Copy out nothing but the lines from the one holding "De bovenkorf is" through the end of the entries below, exactly as written and without the pictures.
═════ Data extracts
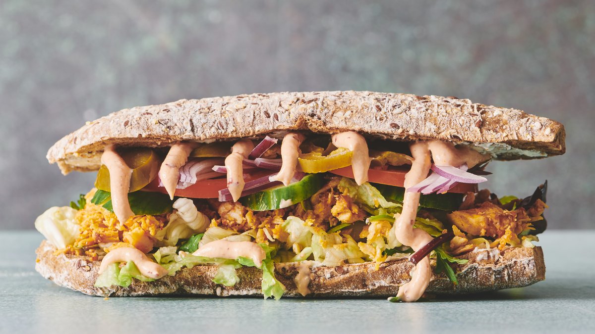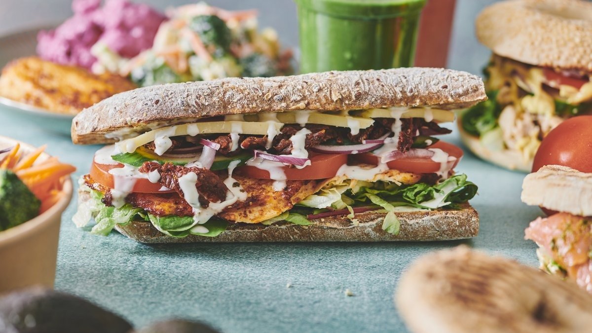 Sandwichbrød med fyld af krydrede kyllingestrimler, salat, tomat, agurk, rødløg, jalapeños og chilimayo-dressing.
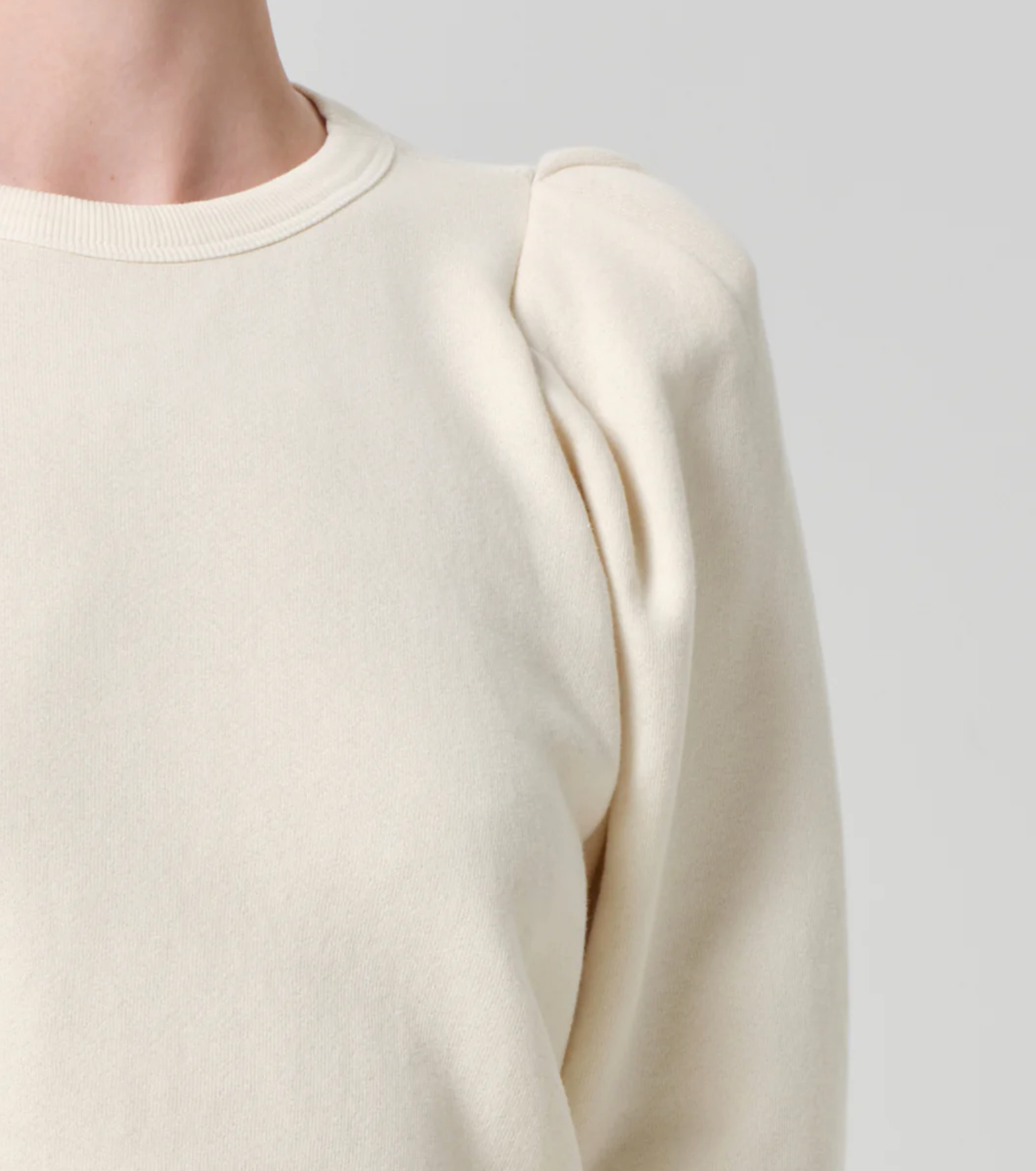 The Pleated Short Sleeve Crew combines soft structure with everyday ease. Crafted from sueded fleece made with regenerative cotton, it offers a luxuriously smooth hand and gently sculpted shape. Pleated sleeves add subtle volume, balancing a modern silhouette with refined comfort.
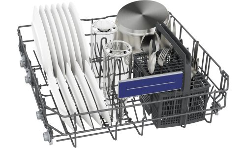 De bovenkorf is voorzien van drie splitsbare en inklapbare plateaus en twee rijen neerklapbare bordenpinnen. De onderkorf heeft vier rijen neerklapbare bordenpinnen. Dit biedt maximale flexibiliteit bij het inruimen. Bovendien kunt u de korven dankzij de handgrepen gemakkelijker uittrekken.
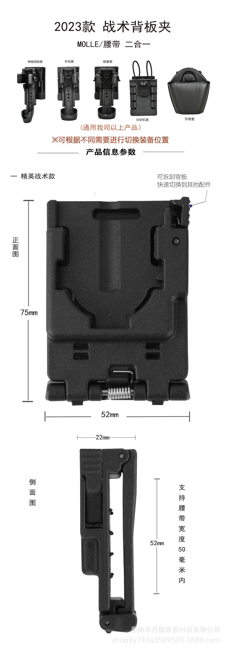 プラスチック鋼のクイックスリーブ戦術モールベルト二合一バックプレートクリップ360度回転安全保障五点セット共通
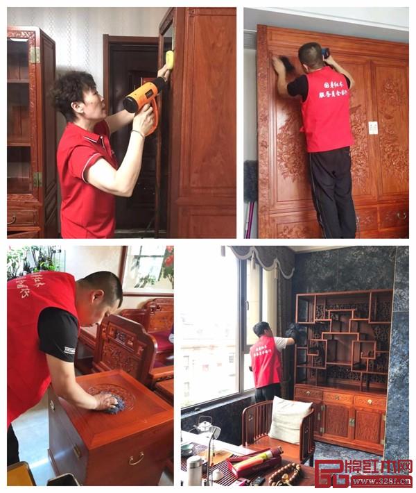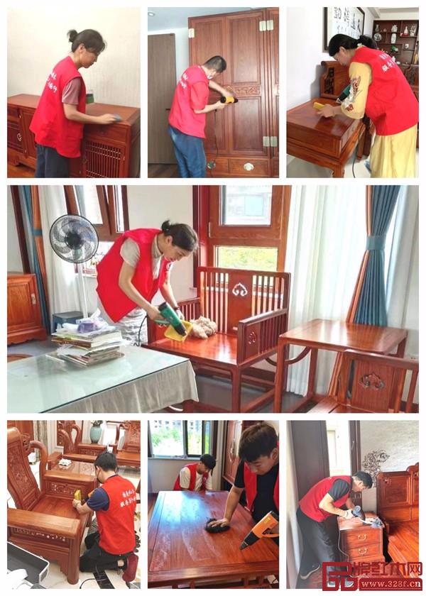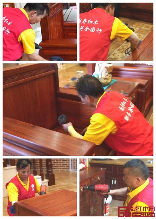 我們定下了每年的6月份,作為我們品牌增值服務月;在今年,我們聯(lián)合了全國近百個城市的線下專賣店,開啟了一場紅木煥新,保養(yǎng)服務活動。
══════════
▸ **Exercise answer**:
 De bovenkorf is voorzien van drie splitsbare en inklapbare plateaus en twee rijen neerklapbare bordenpinnen. De onderkorf heeft vier rijen neerklapbare bordenpinnen. Dit biedt maximale flexibiliteit bij het inruimen. Bovendien kunt u de korven dankzij de handgrepen gemakkelijker uittrekken.
 プラスチック鋼のクイックスリーブ戦術モールベルト二合一バックプレートクリップ360度回転安全保障五点セット共通
 我們定下了每年的6月份,作為我們品牌增值服務月;在今年,我們聯(lián)合了全國近百個城市的線下專賣店,開啟了一場紅木煥新,保養(yǎng)服務活動。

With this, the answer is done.